** WHAT THE TASK REQUIRES **
The answer must repeat every record exactly, with no pictures in it.

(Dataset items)
[Start of Attachment]

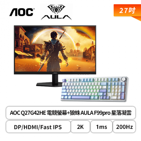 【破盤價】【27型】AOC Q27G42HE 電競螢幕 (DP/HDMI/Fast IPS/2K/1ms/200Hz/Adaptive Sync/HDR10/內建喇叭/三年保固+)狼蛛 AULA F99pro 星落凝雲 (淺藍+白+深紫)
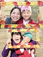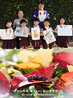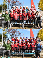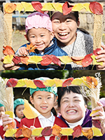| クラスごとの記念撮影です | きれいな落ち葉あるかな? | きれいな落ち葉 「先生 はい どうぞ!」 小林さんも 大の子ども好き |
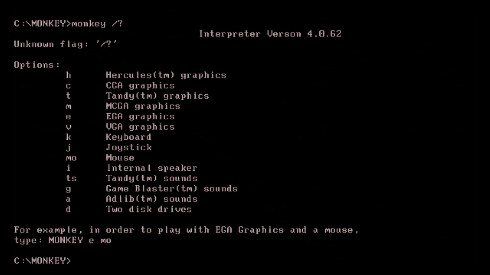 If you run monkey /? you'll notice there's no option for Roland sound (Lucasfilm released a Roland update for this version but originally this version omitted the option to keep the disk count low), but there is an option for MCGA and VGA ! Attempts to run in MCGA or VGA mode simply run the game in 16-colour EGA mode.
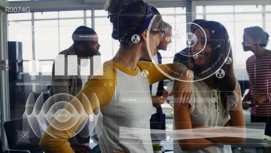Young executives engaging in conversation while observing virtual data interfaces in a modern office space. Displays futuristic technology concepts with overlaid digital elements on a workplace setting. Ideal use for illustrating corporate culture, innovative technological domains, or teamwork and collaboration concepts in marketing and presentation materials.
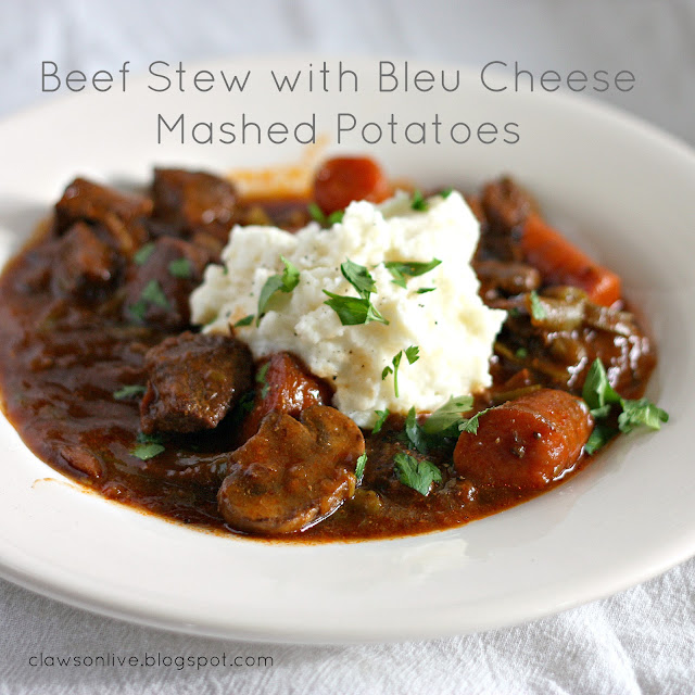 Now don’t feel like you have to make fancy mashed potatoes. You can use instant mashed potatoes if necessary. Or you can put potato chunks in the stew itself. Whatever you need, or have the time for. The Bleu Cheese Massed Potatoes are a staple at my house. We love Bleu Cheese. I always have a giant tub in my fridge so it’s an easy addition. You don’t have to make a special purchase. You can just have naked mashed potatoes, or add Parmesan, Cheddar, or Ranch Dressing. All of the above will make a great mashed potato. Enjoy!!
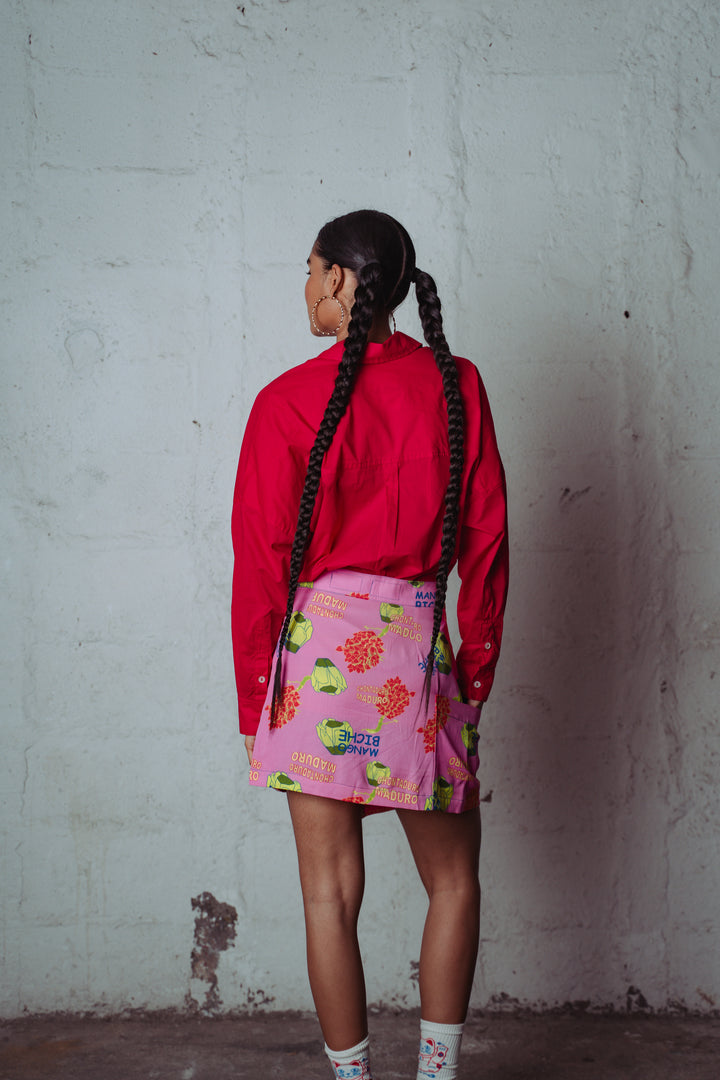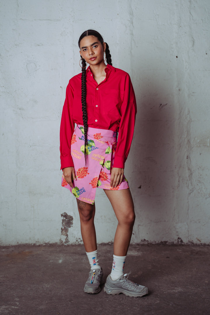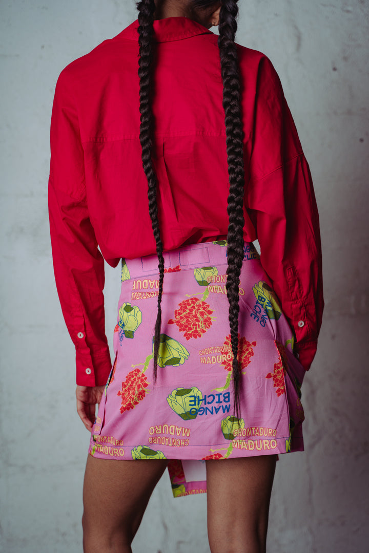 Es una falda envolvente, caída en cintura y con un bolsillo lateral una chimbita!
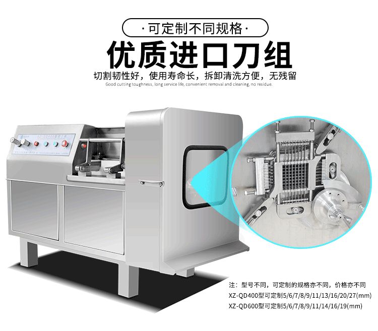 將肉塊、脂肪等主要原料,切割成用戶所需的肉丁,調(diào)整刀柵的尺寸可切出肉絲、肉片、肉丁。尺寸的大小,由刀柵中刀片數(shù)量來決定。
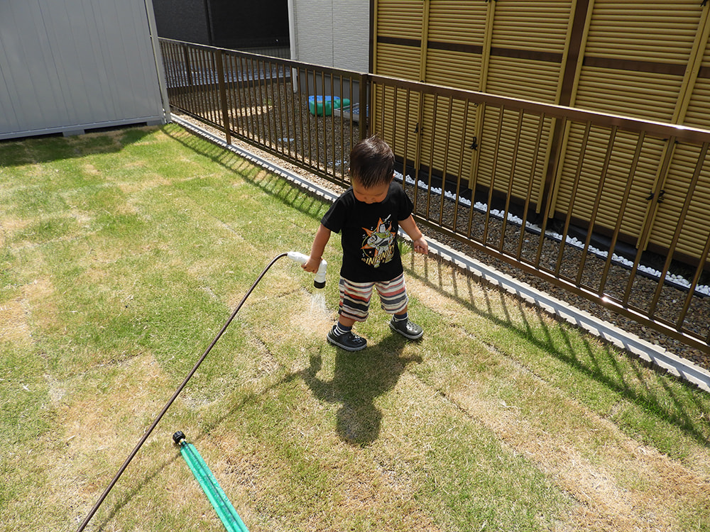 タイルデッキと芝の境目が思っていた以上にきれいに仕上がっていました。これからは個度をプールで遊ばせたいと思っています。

[End of Attachment]

** RESULT OF THE TASK **
 【破盤價】【27型】AOC Q27G42HE 電競螢幕 (DP/HDMI/Fast IPS/2K/1ms/200Hz/Adaptive Sync/HDR10/內建喇叭/三年保固+)狼蛛 AULA F99pro 星落凝雲 (淺藍+白+深紫)
| クラスごとの記念撮影です | きれいな落ち葉あるかな? | きれいな落ち葉 「先生 はい どうぞ!」 小林さんも 大の子ども好き |
 If you run monkey /? you'll notice there's no option for Roland sound (Lucasfilm released a Roland update for this version but originally this version omitted the option to keep the disk count low), but there is an option for MCGA and VGA ! Attempts to run in MCGA or VGA mode simply run the game in 16-colour EGA mode.
Young executives engaging in conversation while observing virtual data interfaces in a modern office space. Displays futuristic technology concepts with overlaid digital elements on a workplace setting. Ideal use for illustrating corporate culture, innovative technological domains, or teamwork and collaboration concepts in marketing and presentation materials.
 Now don’t feel like you have to make fancy mashed potatoes. You can use instant mashed potatoes if necessary. Or you can put potato chunks in the stew itself. Whatever you need, or have the time for. The Bleu Cheese Massed Potatoes are a staple at my house. We love Bleu Cheese. I always have a giant tub in my fridge so it’s an easy addition. You don’t have to make a special purchase. You can just have naked mashed potatoes, or add Parmesan, Cheddar, or Ranch Dressing. All of the above will make a great mashed potato. Enjoy!!
 Es una falda envolvente, caída en cintura y con un bolsillo lateral una chimbita!
 將肉塊、脂肪等主要原料,切割成用戶所需的肉丁,調(diào)整刀柵的尺寸可切出肉絲、肉片、肉丁。尺寸的大小,由刀柵中刀片數(shù)量來決定。
 タイルデッキと芝の境目が思っていた以上にきれいに仕上がっていました。これからは個度をプールで遊ばせたいと思っています。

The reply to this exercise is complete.